[Entries supplied Boundary: Start]

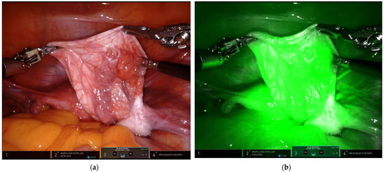 Figure 5. The role of ICG system to check the vascularization of the ovary after detorsion: (a) without ICG; (b) with ICG view.
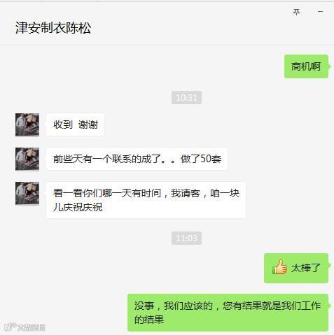 最终证明,我们的服务没有白费,来的商机精准度很高,大多都已经发了样品。在4月27日上午,陈总发来捷报,已经成交一笔订单,50套工作服。
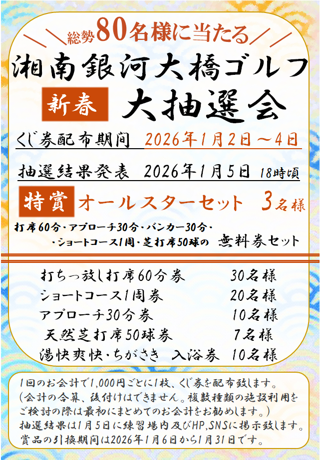 | 2025.01.06 | 本日、雨天のためクローズ致しました。また明日以降のご来場をお待ちしております。 |
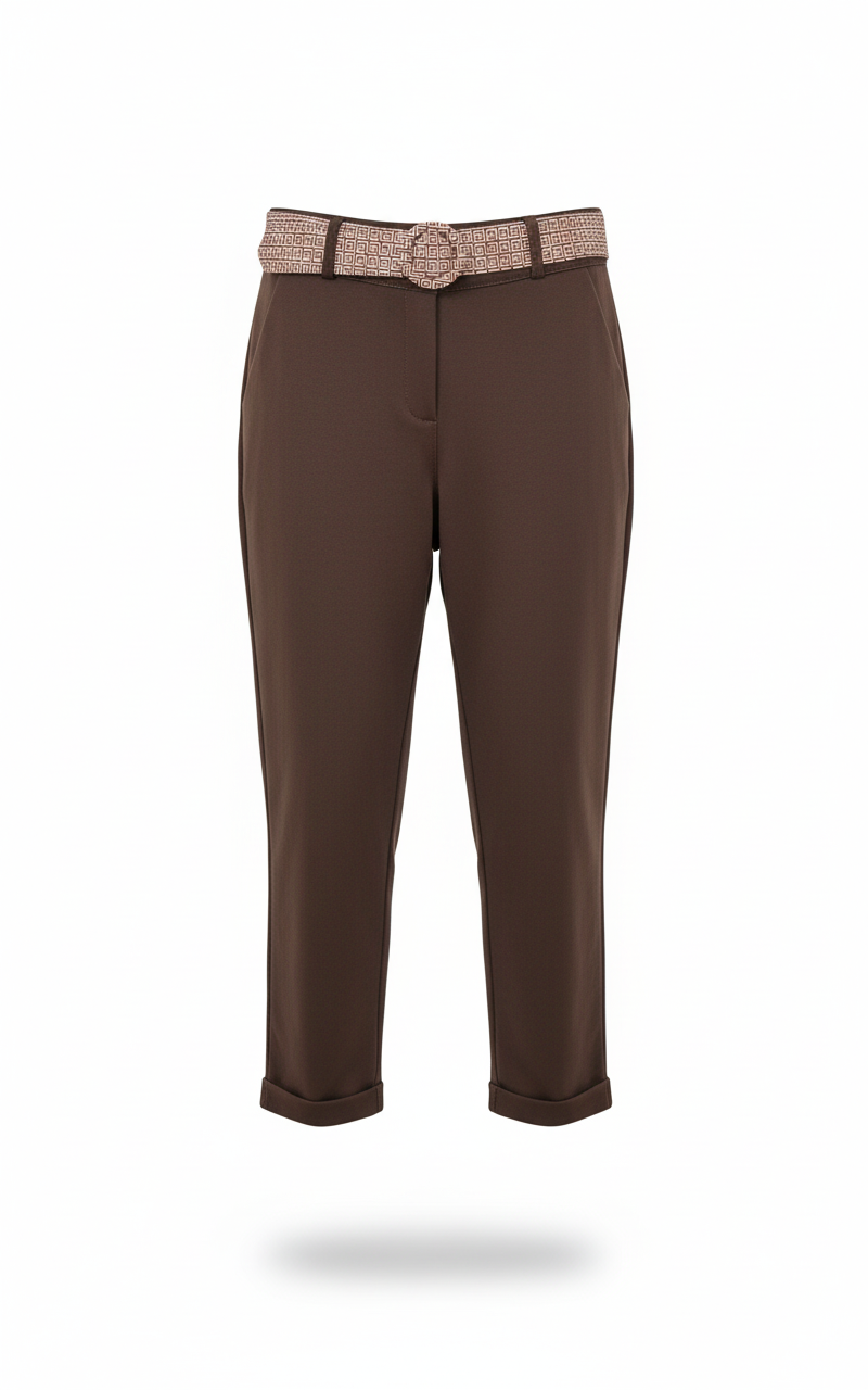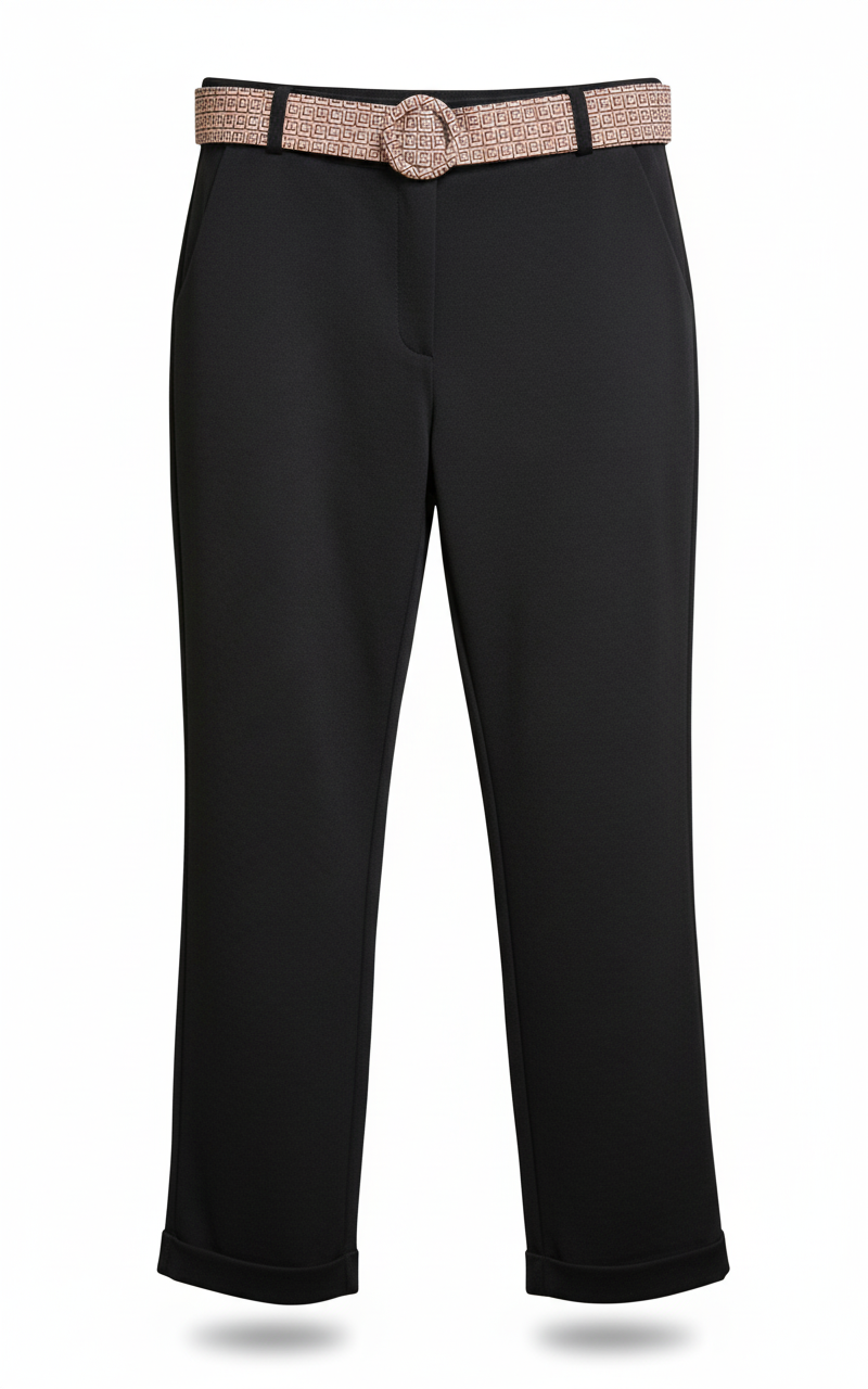 Il design essenziale è arricchito da dettagli funzionali come tasche laterali, chiusura con cerniera e bottone, e la cintura inclusa per definire il punto vita.
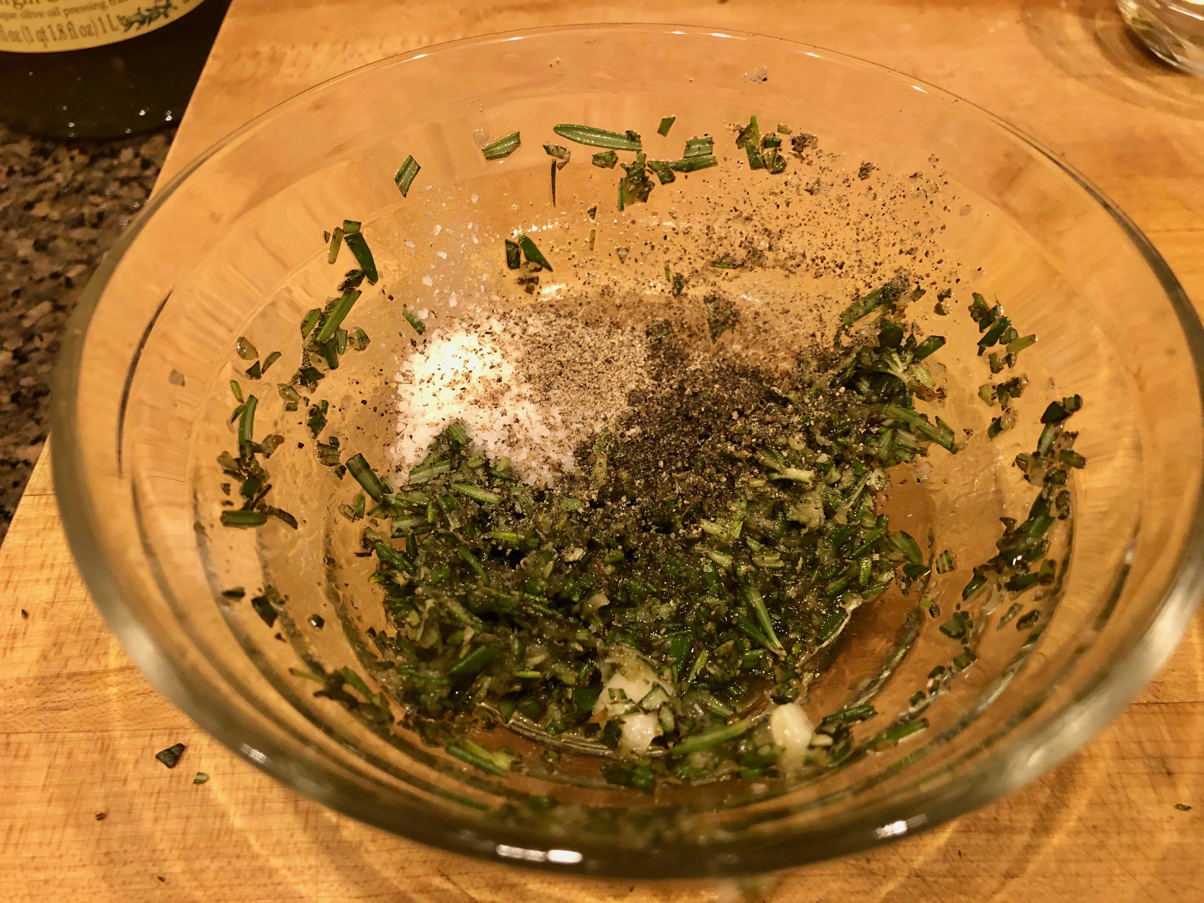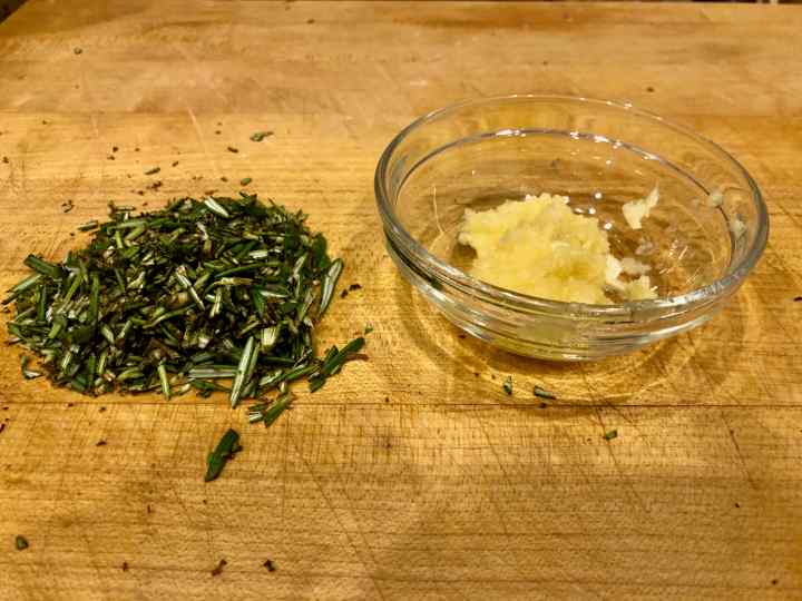 2. Combine the grated garlic, chopped rosemary, salt, and pepper with one tablespoon of the olive oil to form a thick paste.
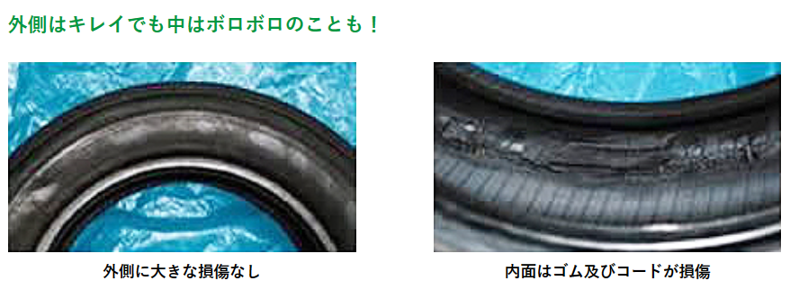 タイヤ内面のダメージを確認してタイヤの継続使用できるかを確認します。
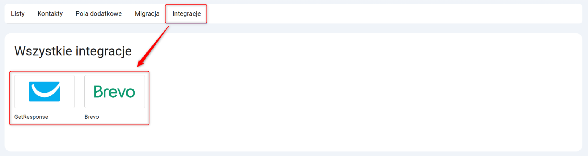 1. Przejdź do Marketing [BETA] → Integracje i wybierz jedną z dostępnych opcji.
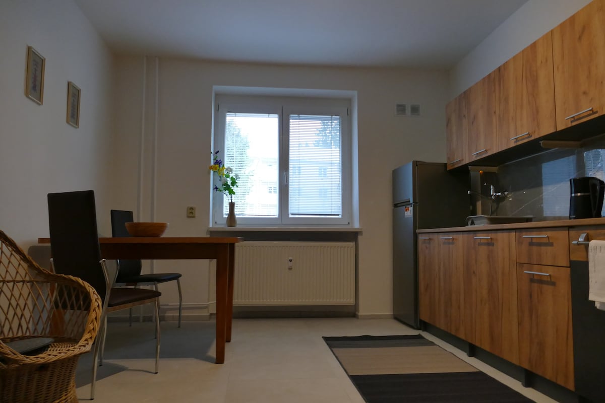 享受您在這個位置優越的地方的住宿。公寓距離所有民用設施僅一分鐘路程。開車 4 分鐘,步行 15 分鐘即可抵達市中心。這是一個帶獨立廚房的房間公寓。公寓配有沙發床,配有140x200厘米的床墊。經協議,也可提供嬰兒床。

[Entries supplied Boundary: End]

#### [What the task requires]
Would you write out exactly the lines of the data from the one holding "2. Combine the" to the final line, both included, with pictures left out?

#### [Exercise response]
 2. Combine the grated garlic, chopped rosemary, salt, and pepper with one tablespoon of the olive oil to form a thick paste.
 タイヤ内面のダメージを確認してタイヤの継続使用できるかを確認します。
 1. Przejdź do Marketing [BETA] → Integracje i wybierz jedną z dostępnych opcji.
 享受您在這個位置優越的地方的住宿。公寓距離所有民用設施僅一分鐘路程。開車 4 分鐘,步行 15 分鐘即可抵達市中心。這是一個帶獨立廚房的房間公寓。公寓配有沙發床,配有140x200厘米的床墊。經協議,也可提供嬰兒床。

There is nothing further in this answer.